If the saloon owner considered Mrs. Pugley a bothersome neighbor, well, Juliette would be worse. Not as loud, perhaps, but more persistent in the quest for cleanliness.
But to restore the hotel and hopefully attract a more family-oriented sort of person to Beaumont Spur, to make the ones who were leaving reconsider? The possibility niggled around in her mind until it turned into downright temptation.
“I just might take the train out of this town before that no-good, thieving, arsonist, taker-of-innocence son of yours comes back to town, and I hear he is.”
At the mention of Trea, Juliette stopped sweeping, leaned for a moment against the broom handle.
The last thing she expected was for her heart to kick at the mention of that long-absent boy.
Maybe he was going to come back to town and be his father’s pride and joy—but he had never been that, not really.
He would have needed a blacker soul in order for his father to be proud of him.
For all that Trea acted like the town’s black sheep, Juliette saw someone different.
She saw a boy with a decent heart looking for acceptance from people who would never respect him. And mostly because of his bully of a father.
That boy had sought affection in whatever way he could.
Just now her heart reacted to the mention of him the same way it had so many years ago, with a thump, then a yearning. She could not deny that she had been in childish adoration of him.
Over the years she’d often wondered about him, remembered the mischievous glint in his warm brown eyes, the hurt and rejection caused by those whose approval he so desperately wanted.
Of course, he would never have gotten it. The acorn didn’t fall far from the tree she’d heard time and again in reference to Trea.
How many times had she wanted to shout that trees and their nuts were a far different thing than human beings and their children?
It was her long-held opinion that a child should not have to bear the sins of the father. It had been shocking to her to discover that, in the opinion of most folks, they did.
Most especially when the acorn, the product of a sinful man, was named Trea Culverson.
“You better take that train, Elvira. I aim to promote my son to head man around here, right under me. Don’t reckon you’ll like having my young hellion to answer to.”
The argument over Trea and fleas continued for another five minutes before the combatants went back inside their own places of business.
It wouldn’t be long before they were back at it, though, unless Mrs. Pugley was serious about selling.
If she was? Well, the idea was likely to leave Juliette distracted all day and sleepless all night.

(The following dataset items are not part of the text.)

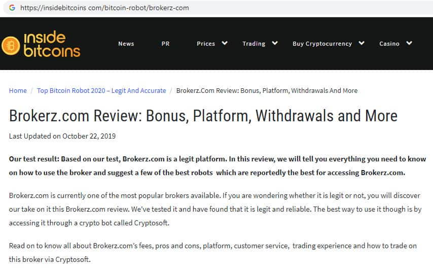 - "Отбеливание" репутации брокерской конторы Брокерз на портале insidebitcoins com
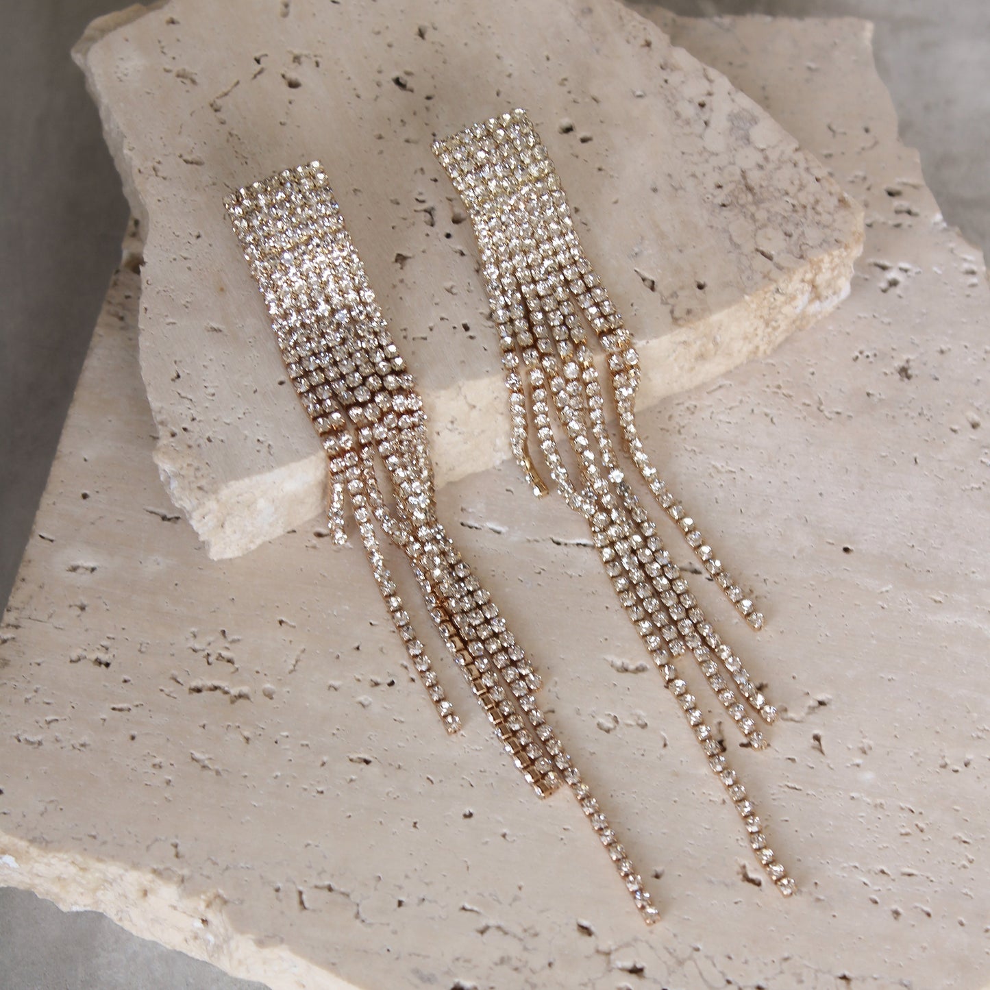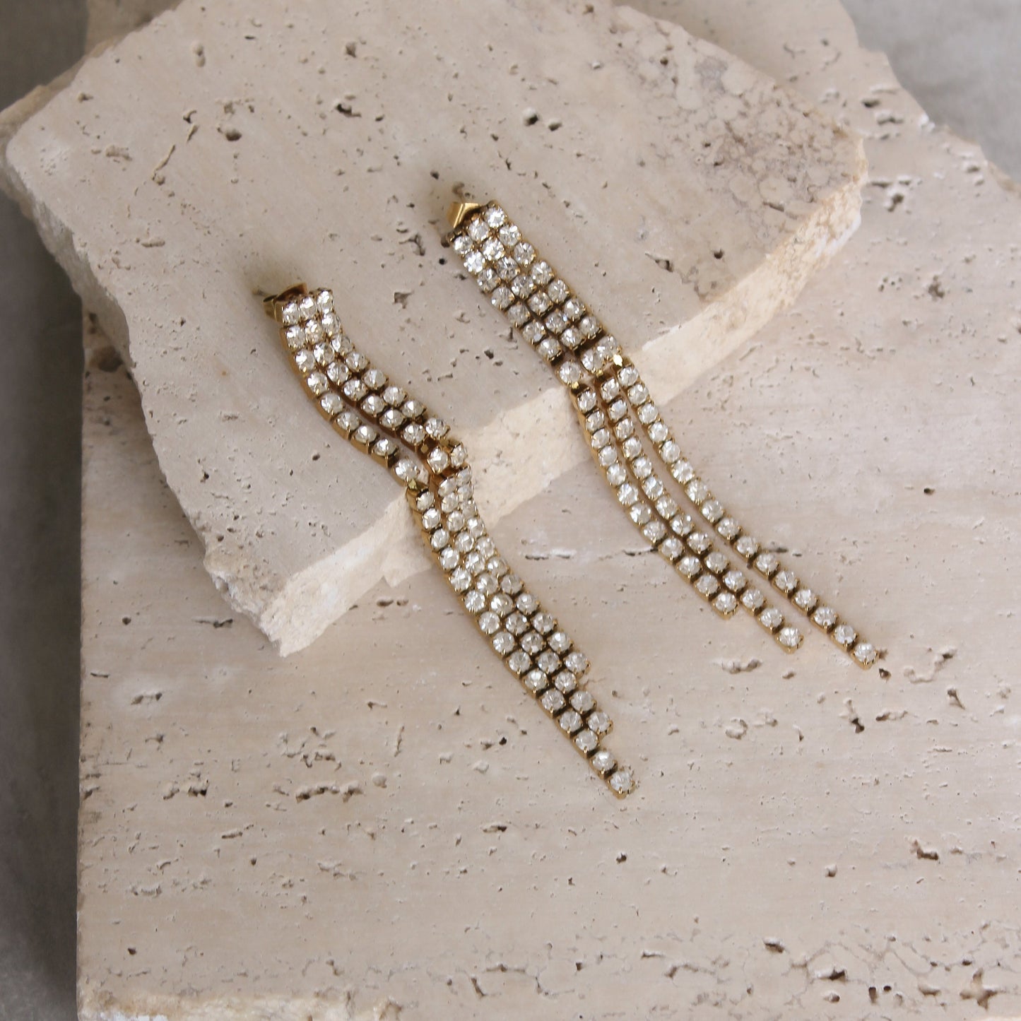 Añadir Aretes Largos Tira de Circonias y Cuentas Doradas al carrito
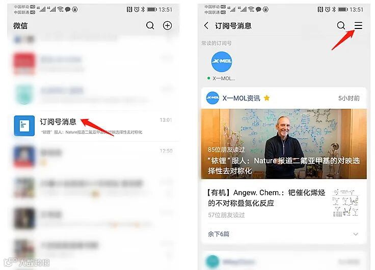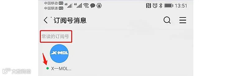 想看的时候,手机微信里进入“订阅号消息”→点击右上方“≡”,就能看到盖了戳的“X-MOL资讯”。
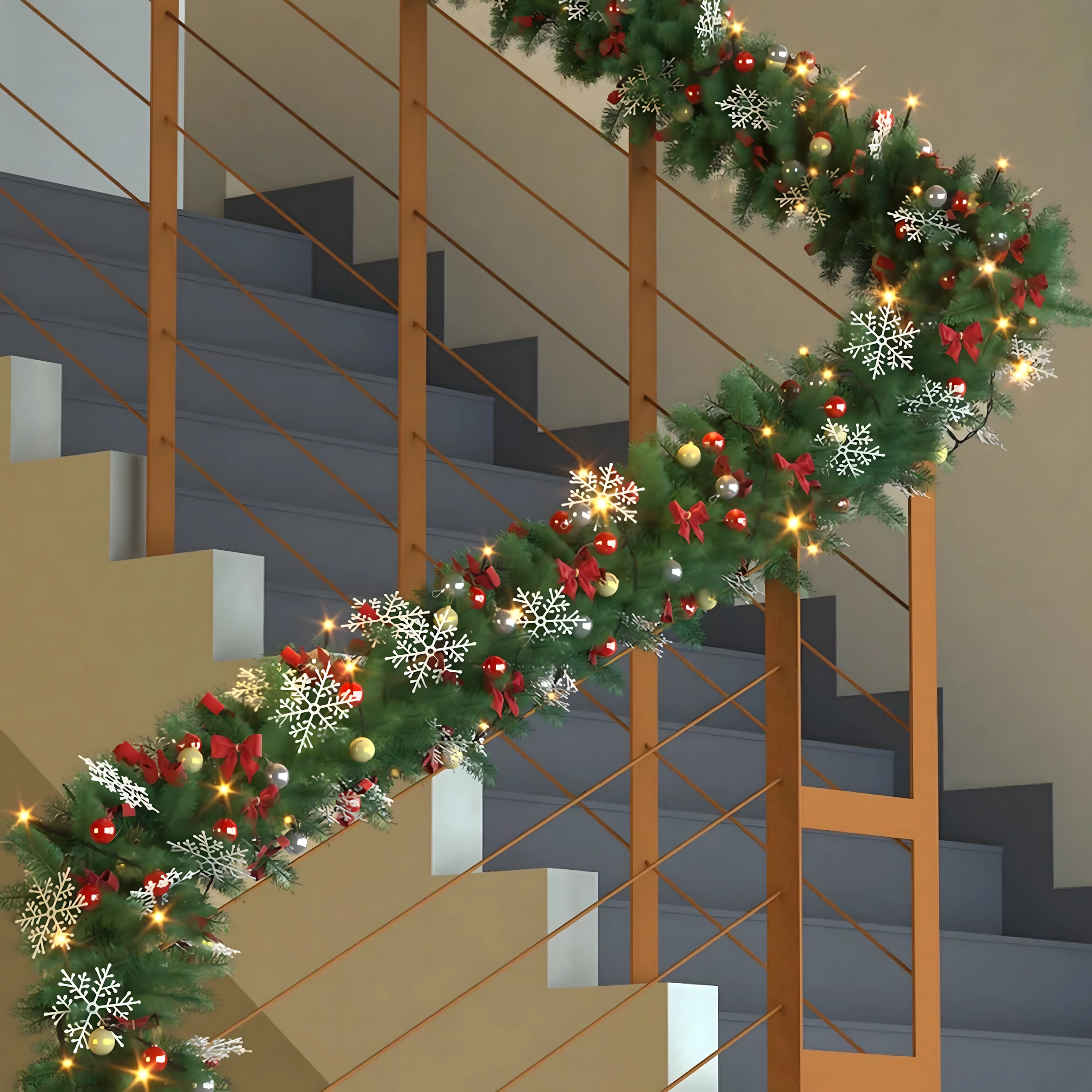 Den fleksible konstruktion gør det let at vikle den om trappegelændre, pejse eller dørkarme for hurtig montering.
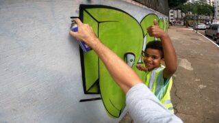 立体的な質感を持ったグラフィティが大きな壁にスプレーで描かれていきます。
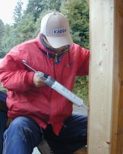 @まずは前回ツーバイ材で間仕切りした部分にコーキングです。

Juliette fashioned the ribbons of her bonnet into a tidy bow under her chin while she watched out the front window for Rose McAllister.
The babies were fed. Her father-in-law napped near the stove in the kitchen. Given that it was two in the afternoon and a quiet time for the restaurant, seventeen-year-old Rose should have no trouble tending things while Juliette went out to take care of business matters.
For the first time, she didn’t need to fret over the money she paid young Rose. In fact, with Christmas coming, she would give the girl extra. Rose, who was raising her younger sister, needed additional funds as much as Juliette did—or had until she found a hatbox with her name on it.